| Year |
Governor
|
Representative
|
Senator
|
|||
|---|---|---|---|---|---|---|
| Incumbent | Candidate | Incumbent | Former | Incumbent | Candidate | |
| 2010 | 50 | 841 | 35 | - | 63 | 73 |
| 2011 | 50 | - | 435 | - | 100 | - |
| 2012 | 50 | 842 | 408 | 393 | 78 | 66 |
| 2013 | 50 | - | 433 | - | 100 | - |
| 2014 | 50 | 836 | 57 | - | 73 | 71 |
| 2015 | 50 | - | 435 | - | 100 | - |
| 2016 | 50 | 845 | 77 | - | 78 | 68 |
| 2017 | 50 | - | 435 | - | 100 | - |
| 2018 | 50 | 845 | 67 | - | 68 | 70 |
| 2019 | 50 | - | 432 | - | 100 | - |
| 2020 | 49 | 857 | 43 | - | 69 | 68 |
| 2021 | 50 | - | 433 | - | 100 | - |
| 2022 | 50 | 856 | 180 | - | 73 | 68 |
| 2023 | 50 | - | 434 | - | 100 | - |
| 2024 | 50 | - | 433 | - | 100 | - |
(C)CES Data
The data is all from the (C)CES. They have been asking, since 2009, how liberal or conservative different candidates are using a 7 point likert scale question. Here I provide some useful (maybe?) details about the data.
Candidates
Bridging
A critical need in A-M scaling is for the raters to rate entities that others rate, these are sometimes referred to as “bridges”. Bridges help to pin down the common scale, making ratings comparable. In the C/CES data there are a set of people/entities that everyone rates but these groups change over time. In most cases ths includes the President and the two major political parties.

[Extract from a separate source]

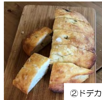
② ドデカフォカッチャ

★パン教室に保護者の方と一緒に参加されるお子さん以外の、ごきょうだいの保育は行っていませんので、ご家庭内でご相談の上、お申し込み頂くようお願い致します。

| Year | Democratic Party | Republican Party | Tea Party Movement | Supreme Court | House of Representatives | Senate | Mitt Romney | Jeb Bush | Ted Cruz | Rand Paul | Hillary Clinton | Donald Trump | Merrick Garland | Joe Biden | Kamala Harris | Barack Obama |
|---|---|---|---|---|---|---|---|---|---|---|---|---|---|---|---|---|
| 2010 | 51,096 | 50,864 | 46,517 | - | - | - | - | - | - | - | - | - | - | - | - | 51392 |
| 2011 | 18,052 | 17,985 | 16,708 | 16,575 | - | - | - | - | - | - | - | - | - | - | - | 18178 |
| 2012 | 67,058 | 66,292 | 62,939 | 62,946 | 17,203 | 17,359 | 64,710 | - | - | - | - | - | - | - | - | 67694 |
| 2013 | 14,329 | 14,256 | 13,039 | 13,296 | - | - | 13,931 | - | - | - | - | - | - | - | - | 14432 |
| 2014 | 56,586 | 56,446 | 52,023 | 53,009 | 8,621 | 8,637 | - | 40,757 | 34,864 | 37,064 | 48,553 | - | - | - | - | 58029 |
| 2015 | 11,994 | 11,863 | - | 10,954 | - | - | - | - | - | - | - | - | - | - | - | 12045 |
| 2016 | 56,293 | 55,591 | - | 52,375 | - | - | - | - | - | - | 57,072 | 49,490 | 5,501 | - | - | 57416 |
| 2017 | 15,698 | 15,555 | - | 14,080 | - | - | - | - | - | - | - | 13,944 | - | - | - | - |
| 2018 | 53,726 | 53,409 | - | 50,924 | - | - | - | - | - | - | - | 49,826 | - | - | - | - |
| 2019 | 15,957 | 15,755 | - | 14,543 | - | - | - | - | - | - | - | 14,311 | - | - | - | - |
| 2020 | 53,017 | 52,347 | - | - | - | - | - | - | - | - | - | 48,380 | - | 53,037 | - | - |
| 2021 | 22,834 | 22,395 | - | - | - | - | - | - | - | - | - | 20,770 | - | 22,972 | - | - |
| 2022 | 53,242 | 52,333 | - | 49,397 | - | - | - | - | - | - | - | 49,301 | - | 53,259 | - | - |
| 2023 | 21,371 | 21,176 | - | 20,100 | - | - | - | - | - | - | - | 20,341 | - | 21,508 | - | - |
| 2024 | 54,403 | 53,379 | - | 50,943 | - | - | - | - | - | - | - | 50,376 | - | 54,567 | 54,678 | - |
Panel Data
There are several years where the CES has included a panel of voters across multiple survey years. In this case I have opted to ignore the panel aspect and treat them as if they are different people. This is likely throwing out some information but it seemed like the best option. There are three ways to approach this:
Assume that voters have not changed at all across the survey panels. For this choice there would be one \(\beta\) and one \(\alpha\) for each voter which would be used repeatedly across panels. This assumes that they have not change their own political views in this time period, having roughly the same understanding of liberal-conservative across the time period. I thought this assumption was overly restrictive.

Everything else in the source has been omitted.